I am not sure some people live in the reality of the real world economy. Places like Hervey Bay & Maryborough are on the State, Australian and World stage competing for funding, tourists, jobs, investment dollars, good publicity, population increases, health & education. If we want to keep sending out a negative picture of this area and let the knockers pull us down to a very mediocre perception of this area then we will get mediocre results with who comes here to live & invest. I know some people think that is great, but who pays for all the upkeep of infrastructure, new health facilities, good education, minimizing rates, etc. Progress does, not the knockers!
Isn’t it about time we started to assimilate as a community and strive for excellence and start competing in this modern world like many progressive cities are around the country and the world? There is a direct coloration between striving for excellence and good economic returns, just as there is for striving for mediocrity and getting very mediocre returns as a city, unfortunately we are in the second category at the moment.
Where is Hervey Bay? If you check on most maps it’s a bay of water that sits just off our shoreline, but for someone who arrives in the Hervey Bay area and looks for a location on a GPS, etc. you can’t actually find Hervey Bay you can only find the suburbs such as Pialba, Scarness and so on. This is unlike most other cities throughout Queensland & around the world where you will actually arrive at a city itself like Brisbane, Maryborough, Bundaberg, etc. but not in Hervey Bay.
In the ever-changing online world, where we search names and plan trips online, key words are crucial, especially for search engines. When a holiday maker wants a beach resort in Queensland we need to make sure Hervey Bay comes up high in search engines rather than only seeing Torquay or Urangan, because those suburbs mean nothing to a family sitting in Melbourne suburbs or a German backpacker. Fraser Island, Hervey Bay, Maryborough, Fraser Coast are the key words they will recognise.
So how do we fix this confusing name recognition? Perhaps we need to create a Hervey Bay CBD so we actually have a real place on all the maps to arrive at. The Pialba CBD means nothing to people outside this region. When you talk about Stocklands shopping centre wouldn’t it be better to refer it to be in the Hervey Bay CBD. It would also be great to have weather maps on TV news and state newspapers to actually show Hervey Bay in their maps.
One example is RACQ online trips. Type in Hervey Bay and see where it gets you, certainly not in the centre of our city. Try going on a real estate search site and you get a dozen suburbs to choose from but no suburb/city of Hervey Bay. It’s even harder when you are in the property industry trying to do research when they value individual suburbs rather than the city as a whole.
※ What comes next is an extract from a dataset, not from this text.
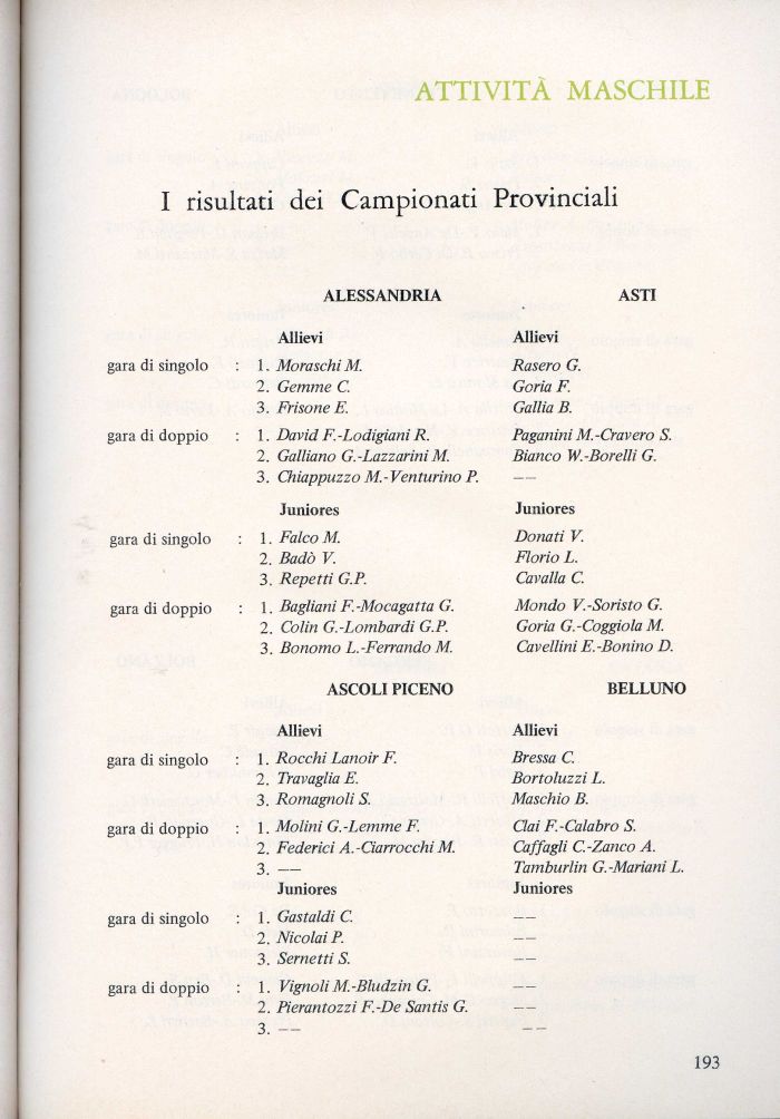 I risultati dei Campionati Provinciali

It’s basic branding 101 – get a consistent message out there, make it simple and memorable, supply a good product and people will buy. When you think of Noosa or Broome or Port Douglas you have an instant set of thoughts on what to expect. But when we send out marketing with Pialba, Torquay, Urangan we are sending out a lot of mixed messages on what people should expect when they arrive in Hervey Bay. The tourism industries and business industries try very hard to promote either Hervey Bay or the Fraser Coast, but until you get a technical location for the City of Hervey Bay its a bit of an uphill battle.